I agree that probably explains a lot of it.
However the cost to efficiency is not that large and may be worth the gains in conceptual clarity. First, the traditional implementation of QuickSort has an implicit (or virtual?) intermediate data structure, the function call tree. Second, I have limited understanding of lazy evaluation, but in a lazy language I believe ‘flatten’ would begin consuming the tree as it is still being built by ‘build’.
> First, the traditional implementation of QuickSort has an implicit (or virtual?) intermediate data structure, the function call tree.
That's a good point, but function calls have a constant cost in terms of stack frame allocation and deallocation.
> Second, I have limited understanding of lazy evaluation, but in a lazy language I believe ‘flatten’ would begin consuming the tree as it is still being built by ‘build’.
Yes, that is correct. The entire tree is not allocated at once, only the nodes that are actually needed, as well as dynamic data representing suspended computations of the rest of the data structure. But (again, ignoring compiler optimizations that would make them go away) these are allocations on the garbage-collected heap and thus incur GC costs and complexity.
Overall I agree that there would be value in illustrating algorithms by also showing the version that constructs the computation tree. But I don't think it should be the one presentation of the algorithm, only a device to further understanding of the "real" implementation.
Yes, definitely. For example, the explanation of MergeSort in CLRS’s “Introduction to Algorithms” has a figure which shows tree a of lists being transformed into another shorter tree of lists where the lower nodes have been merged.
Funny how the author gave this talk in honor of Felleisen's on his 60th birthday. "Hi, to honor you I'll talk about how one of your better known works is incomplete and only shows half of the picture".
I started reading HTDP long ago but at the time I made the huge mistake of taking a detour to learn Racket, and later Scheme... HTDP provides small languages just to save students from the herculean effort of having to learn a whole programming language and environment. Way to miss the point.

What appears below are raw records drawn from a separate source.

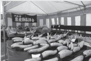
平成27年度門真市農産物品評会の入賞者
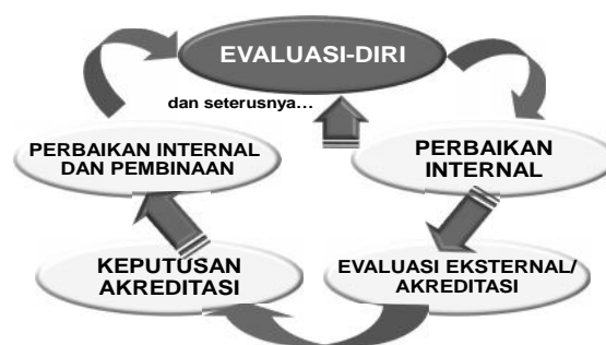
Bagan 1. Daur Penjaminan Mutu dalam Rangka Akreditasi

Seperti dikemukakan terdahulu, evaluasi-diri merupakan salah satu aspek penting dalam keseluruhan daur akreditasi dengan berbagai peran dan kegunaannya, termasuk penjaminan mutu ( quality assurance ). Keseluruhan daur penjaminan mutu dalam rangka akreditasi program studi/ perguruan tinggi itu dilukiskan dalam Bagan 1.
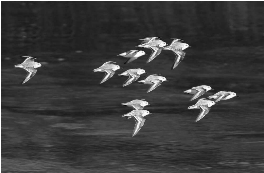
Le Bécasseau sanderling est une espèce littorale peu répandue dans notre région : la côte rocheuse basque exclut ce limicole attaché aux substrats sableux

du 2 au 5/09 (FCa) puis 2 les 6 et 7/09, un seul ensuite jusqu'au 11/09 (FCa, SHo, ANe, ECh et al. ) ; 2 au lac de l'Ayguelongue du 11 au 14/09 au moins puis 1 jusqu'au 23/09 (JIG, SDu et al. ) ; 1 à Puydarrieux du 11 au 18/09 (VDu).
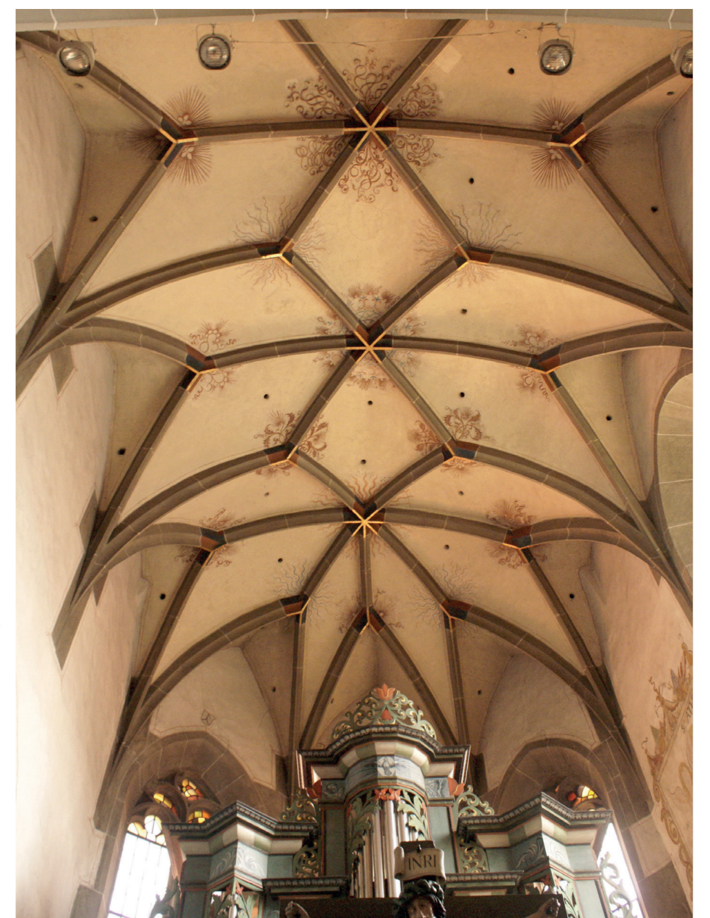
Blick auf das Sternrippengewölbe von 1499.

© FOTOS UND PLAN: TILMANN MARSTALLER, ROTTENBURG-OBERNDORF PLANGRUNDLAGEN: ARCHITEKTURBÜRO KIEFNER UND MÜLLER, MAULBRONN KIRCHENFÜHRER VON MATTHIAS KÖHLER, 1991
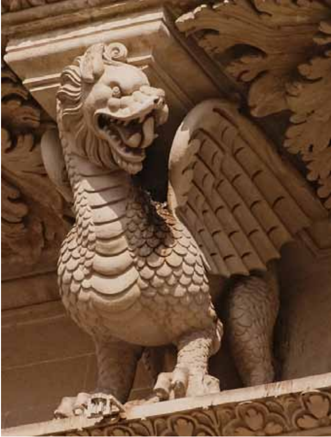
Resim 1. Santa Croce Bazilikası, ‘Ejderha’, güney cephe (Lecce) Floransa, İtalya.

Mekânla birebir ilişki kuran, boşluk ile var olan ve üç boyutlu özelliğinden dolayı nesnel olarak kavranabilen, günümüzde ise alışlagelen nitel ve nicel sınırlarını aşan heykel, Gotik dönemde plastik değeri kadar mistik tavrıyla da dikkat çekmiştir. Aynı dönem içinde, mimaride işlevsel özellikleriyle önemli bir yer alan gargoyle heykeller de nitelikleri ile sosyal ve kültürel yaşantıyı etkilemiştir. Öyle ki, İncil’de yer alan öğretilerin tiyatral anlatımı gibi görünen Grotesk üslupla süslenmiş gargoyle heykeller, kilisenin insanlar üzerindeki etkisini açıkça vurgulayan estetik objeler olarak varlıklarını korumaktadır. Plastik birer anlatı aracı olan bu gargoyle heykeller, betimleme, çözümlenme, yorumlama ve yargı süreci sonunda tıpkı bir metin gibi okunabilmektedir. Bu noktada, okuma sürecine etki eden göstergeler iyi değerlendirilmeli, birincil anlamlarının ardında yatan gizil anlamlar da değerlendirilmelidir.
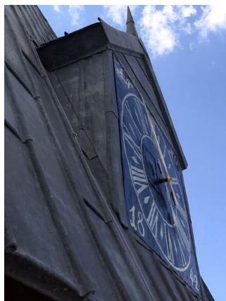
Eksempler på blytækkede tage (fotos fra filmen)
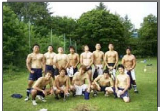
大学4年までのOB17名が集結！
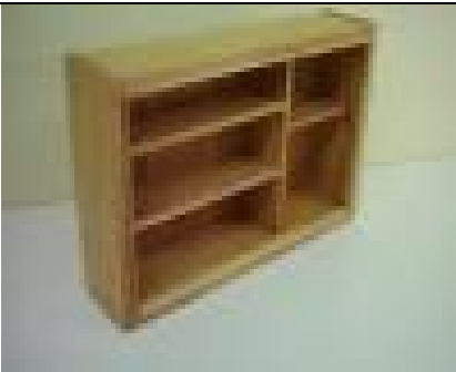
Sürme Camlı Ecza Dolabı (37) 20 TL

G:49 D:34 Y:117 ölçülerinde, 1. sınıf çam masiften imal edilmiş, natürel verniklenmiştir.
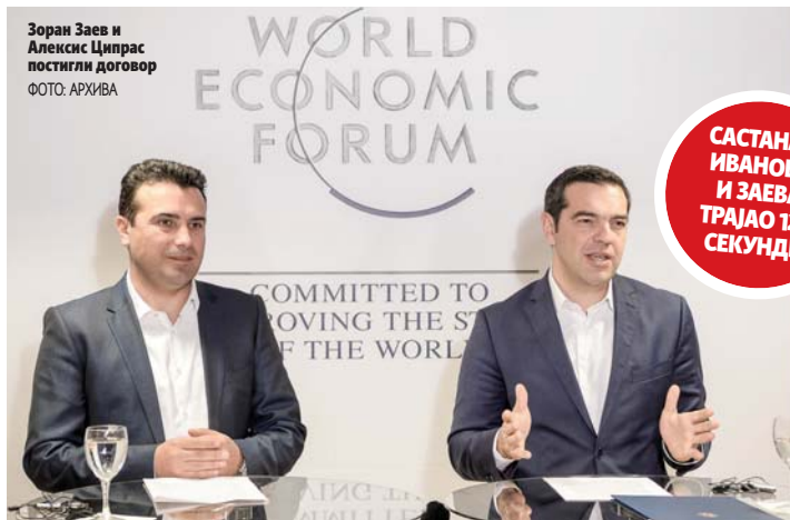
Зоран Заев и Алексис Ципрас потписали су споразум.

Специјални изасланик УН Метју Ниџић поздрављају договор Атине и Скопља о рјешењу спора у вези са именом.
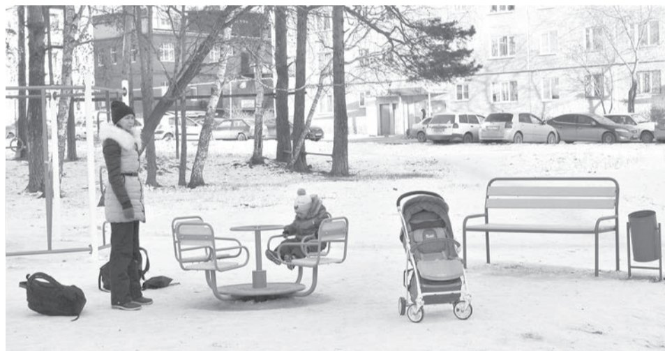
Большой двор – большие проблемы

– С одной стороны, все хотят жить в благоустроенном дворе, где весело играть детям и безопасно гулять мамочкам с колясками, маломобильным пенсионерам. И в то же время никто не хочет тратить на свой комфорт, все ждут, что за них решат другие, например, муниципалитет на бюджетные деньги обустроит, починит и почистит. Увы, об этом надо забыть: та же программа «Тысяча дворов» канула в Лету. Надеюсь, что жители этого двора поменяют свою позицию на конструктивную, их инертность сменится инициативой, и тогда они увидят комплексно обустроенную территорию.
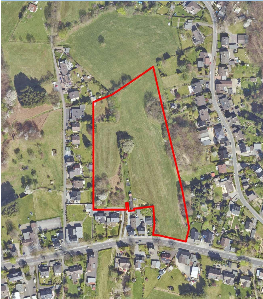
Luftbild © Amt für Liegenschaftskataster und Geoinformation, Rheinisch-Bergischer Kreis, 2020
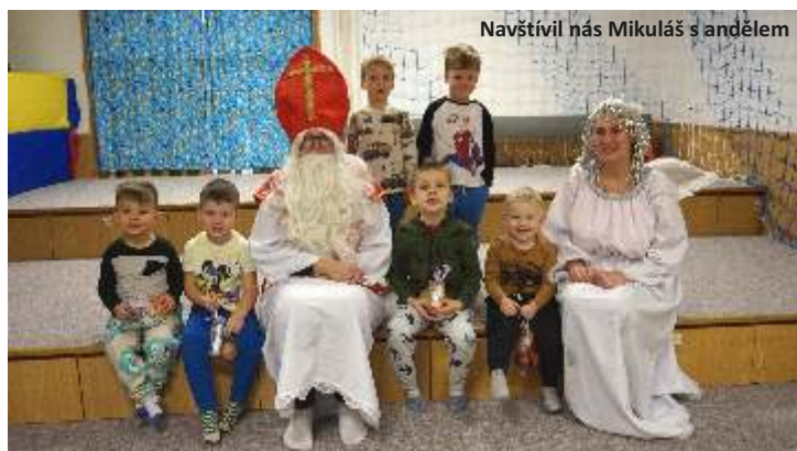
Navštívil nás Mikuláš s andělem
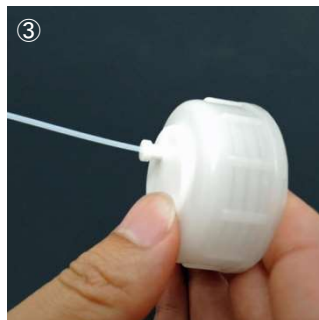
③ ルアーポートにチューブ接続済 OM4252S を差し込みます
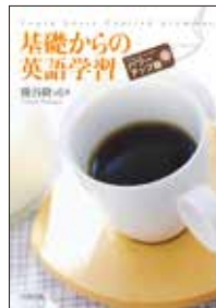
中西出版 A5判、314頁 2014年11月刊行

好評を博した英文法の学習書「基礎からの英語学習」が、パワーアップした改訂版になりました! 毎日無理なく続けるために、1日の学習量を設定。90回のレッスンでは、図や用例のほか、理解を深めるための参考事項を豊富に用意し、レッスンの確認ができる簡単な確認問題のURLアドレスも掲載中です。 改訂版では33の豆知識が追加され、さらに充実した入門書となっています。
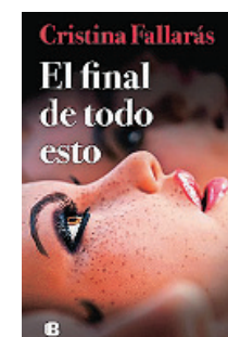
«El final de todo esto» Cristina Fallarás EDICIONES B 464 páginas, 22,90 euros

Se recupera la conmovedora historia de Nicholls sobre la relación entre Emma y Dex al coincidir con una miniserie de Netflix. Esta edición vuelve a abordar la conexión entre un joven despreocupado y de familia adinerada con una chica de clase trabajadora y un humor más que inteligente. ¿Cómo evolucionará este amor a lo largo de unos largos veinte años?
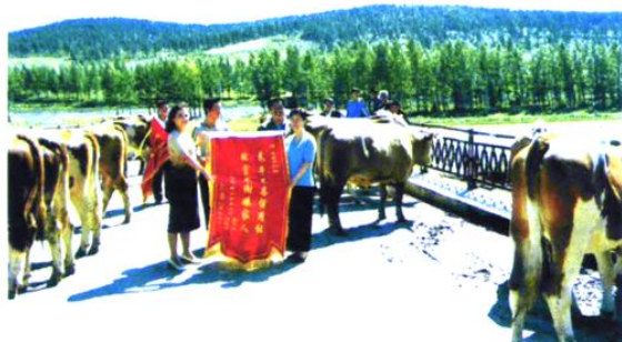
在麻山区发展养牛经济
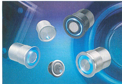
Jetzt auch mit blauer Beleuchtung: vandalensichere Taster von Schurter

Schurter bietet die vandalengeschützten Taster mit Hub- und Piezotaster jetzt auch in Kombination mit blauer Beleuchtung an. Für Geräte mit Nachtdesign wird die Betätigungsfläche durch die Beleuchtung optisch gekennzeichnet. Diese kann auch zur optischen Rückmeldung oder zum Anzei-
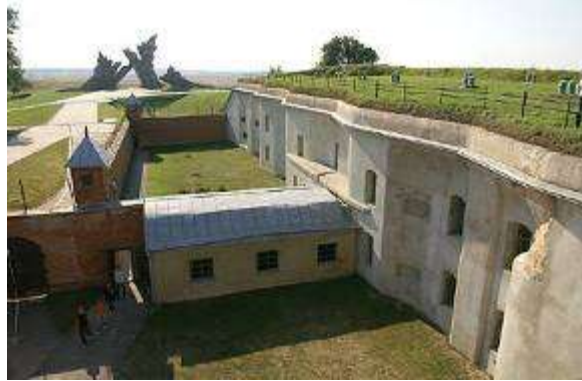
Devītais forts
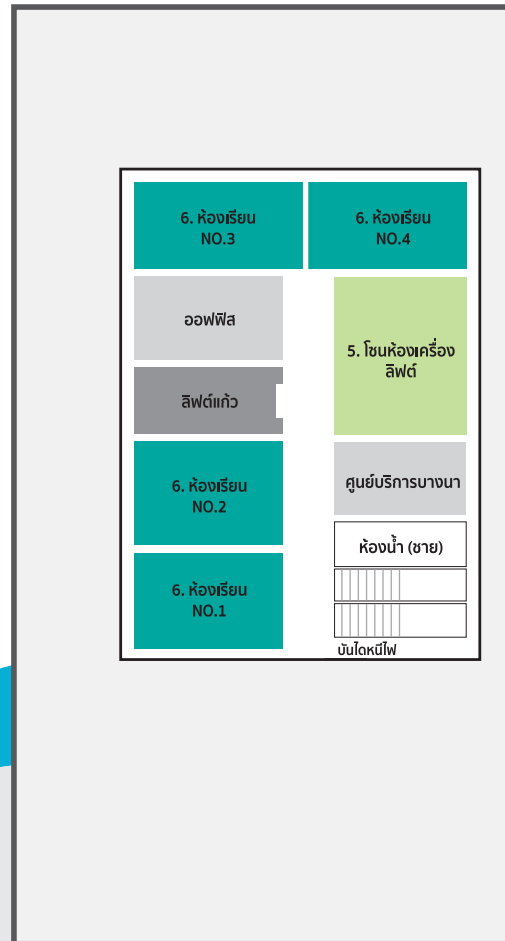
แปลนชั้น 3
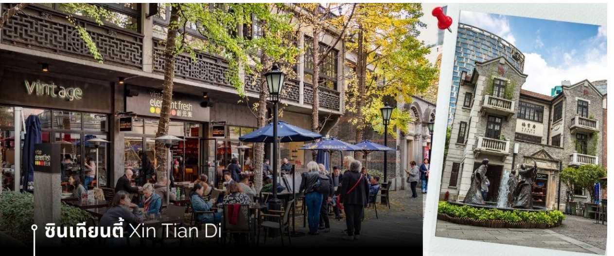
ซินเทียนตี้ Xin Tian Di

เที่ยง ๑๑ รับประทานอาหารกลางวันที่พักัดตาคาร (15) หลังจากนั้น เซคอินสตูดิโอ ที่ 13DE MARZO หมี่เกาะแก้ว ทุกแก้วที่นำเสิร์ฟเครื่องต้ม จะแถมพื้หมี่ตัวจิ๋วน่ารัก ส่งมอบให้ทุกท่าน (แถมฟรี เครื่องต้ม ท่านละ 1แก้ว) นำท่านเที่ยวชม ซินเทียนตี้ ย่านฮิปเตอร์ใจกลางนครเซี่ยงไฮ้ ที่วัยรุ่นต้องมา กลายเป็นสถานที่ท่องเที่ยวติดอันดับต้นๆไปแล้ว สำหรับแหล่งช้อปปิ้งแห่งนี้ ไม่แพ้แหล่งช้อปปิ้งรุ่นพี่ อย่าง ถนนนานกิง ถนนอู๋เจียง Yu Yuan Bazaar ถือว่าเป็นอีก 1 ไฮไลท์เด็ดของนครแห่งนี้ เนื่องจากเอกลักษณ์ที่ไม่เหมือนใคร สิ่งปลูกสร้างที่ใช้วัสดุลอกแบบสถาปัตยกรรมแบบ Shikumen (ซิกเหมิน) การผสมผสานระหว่างสถาปัตยกรรมตะวันตกกับจีนเข้าด้วยกัน ทางเดินหิน กำแพงหิน ประติมากรรม บ้านเมืองเก่าแต่ดูน่ารักช้ออย่างดี

Anyway, there's some associated documentation on the Racket site about a library called "2htdp/universe" [1]. The architecture described is very close to the so called "ELM architecture" [2] or even Redux [3]. Probably (maybe?) there's no relation though, since coming to this architecture appears to be really natural when working with functional programming languages.
Newton's "..standing on the shoulders of giants..." was a dig at Hook (who was short). It's Isaac being an arrogant jerk, which he was in spades. (Even if he revolutionized thinking in a number of areas.) It's not a statement of humbleness..
I don't know, I heard this interpretation before but honestly the phrase makes sense when interpreted the other way around too, so way not just take the first meaning.
The dig at Hook is a fun knowledge nugget anyway, that silly Isaac. :-p
Something along these lines is still present, I think, in HtDP, at least in the Chapter about abstractions (16.1, 16.5, and 16.6).
Basically, when designing a function one can use existing abstractions (or, I would add, design her own abstraction) whose whole signature, output included, matches the purpose and signature of the function to be designed.
So, if the problem at hand is to design a function that takes a natural number and produces a list, that calls for using the built-in `build-list`, whose signature is `N [N -> X] -> [List-of X]`. Or if the output of a function on lists is a Boolean value, one has to keep an eye on `ormap`/`andmap`, etc. So the output is also essential to choose the suitable abstraction.
I'm pretty sure the ads are not put up by the author by WordPress.com. According to their pricing page[1], they "sometimes" display ads on blogs to cover costs.
As a follow-up, I think the humor is that I imagine this blog might have valuable information, but you’re turning off your target audience with low-brow ads.
For the record, the ads are all Wordpress's doing, not mine. I have no control over them, and derive no benefit from them (on the contrary, they put me off too!).